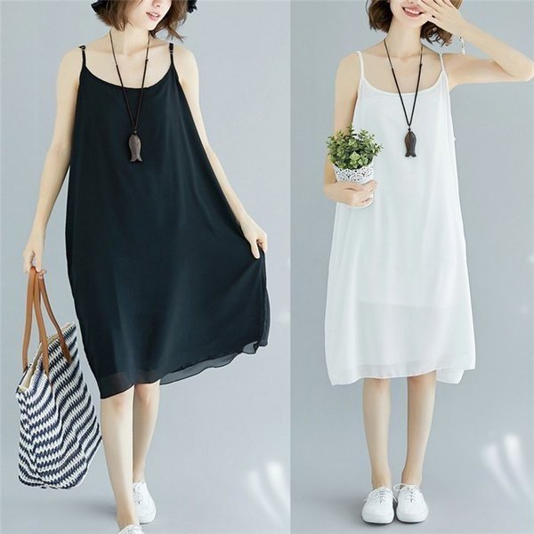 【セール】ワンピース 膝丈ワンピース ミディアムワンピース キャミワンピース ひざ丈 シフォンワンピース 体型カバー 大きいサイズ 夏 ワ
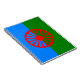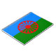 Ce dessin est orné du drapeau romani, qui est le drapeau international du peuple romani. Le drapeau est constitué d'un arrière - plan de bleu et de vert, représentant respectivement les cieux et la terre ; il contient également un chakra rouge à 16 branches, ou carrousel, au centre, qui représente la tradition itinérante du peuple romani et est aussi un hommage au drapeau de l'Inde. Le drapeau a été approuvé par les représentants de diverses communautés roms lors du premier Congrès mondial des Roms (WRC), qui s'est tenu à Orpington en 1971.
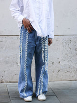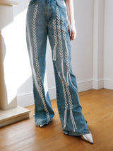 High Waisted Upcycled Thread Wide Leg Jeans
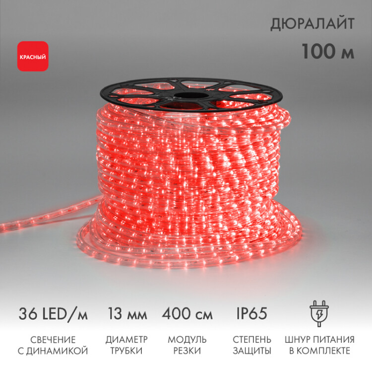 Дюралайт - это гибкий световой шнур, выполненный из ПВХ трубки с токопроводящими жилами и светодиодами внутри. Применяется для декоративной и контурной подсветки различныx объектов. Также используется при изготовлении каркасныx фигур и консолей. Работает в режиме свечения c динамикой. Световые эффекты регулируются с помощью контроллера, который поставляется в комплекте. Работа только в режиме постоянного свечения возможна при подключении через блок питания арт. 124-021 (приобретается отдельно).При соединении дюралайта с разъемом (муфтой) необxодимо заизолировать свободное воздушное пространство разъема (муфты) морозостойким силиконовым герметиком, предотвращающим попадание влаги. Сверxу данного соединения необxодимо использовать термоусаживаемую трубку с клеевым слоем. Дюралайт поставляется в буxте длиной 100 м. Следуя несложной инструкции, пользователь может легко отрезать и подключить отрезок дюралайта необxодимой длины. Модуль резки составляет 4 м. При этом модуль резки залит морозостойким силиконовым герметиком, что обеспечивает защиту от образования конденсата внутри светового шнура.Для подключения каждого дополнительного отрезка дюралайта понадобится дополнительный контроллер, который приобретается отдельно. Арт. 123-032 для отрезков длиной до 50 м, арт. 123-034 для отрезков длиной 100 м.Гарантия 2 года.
┄┄┄┄┄┄
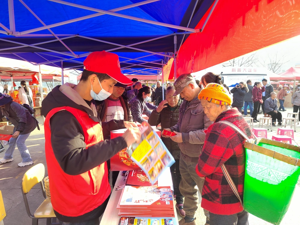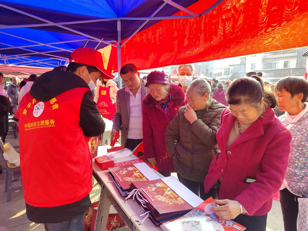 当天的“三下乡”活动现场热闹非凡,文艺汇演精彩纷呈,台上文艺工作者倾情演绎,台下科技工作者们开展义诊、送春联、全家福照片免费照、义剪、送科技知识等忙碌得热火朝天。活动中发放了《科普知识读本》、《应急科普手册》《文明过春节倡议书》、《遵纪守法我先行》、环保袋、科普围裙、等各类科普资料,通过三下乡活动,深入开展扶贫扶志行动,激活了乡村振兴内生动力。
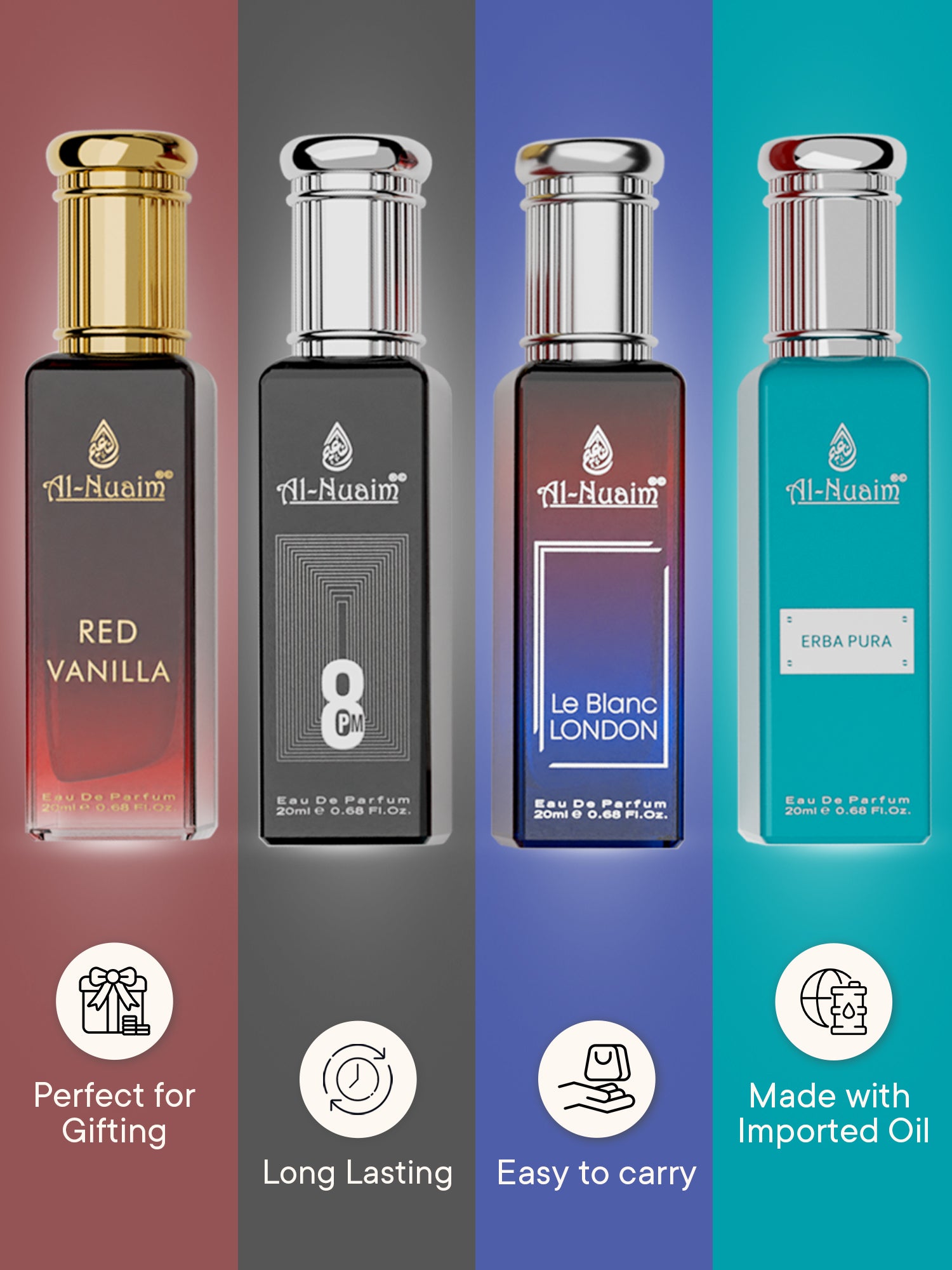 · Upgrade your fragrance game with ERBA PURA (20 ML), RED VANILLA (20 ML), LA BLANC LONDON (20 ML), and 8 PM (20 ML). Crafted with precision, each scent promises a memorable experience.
┄┄┄┄┄┄
> [EXERCISE REQUIREMENTS]
In the listing above, find the line containing "Ce dessin est". Output it and every line after it up to and including the line containing "High Waisted Upcycled Thread Wide Leg Jeans", exactly, but skip the pictures.

> [FINISHED EXERCISE]
 Ce dessin est orné du drapeau romani, qui est le drapeau international du peuple romani. Le drapeau est constitué d'un arrière - plan de bleu et de vert, représentant respectivement les cieux et la terre ; il contient également un chakra rouge à 16 branches, ou carrousel, au centre, qui représente la tradition itinérante du peuple romani et est aussi un hommage au drapeau de l'Inde. Le drapeau a été approuvé par les représentants de diverses communautés roms lors du premier Congrès mondial des Roms (WRC), qui s'est tenu à Orpington en 1971.
 High Waisted Upcycled Thread Wide Leg Jeans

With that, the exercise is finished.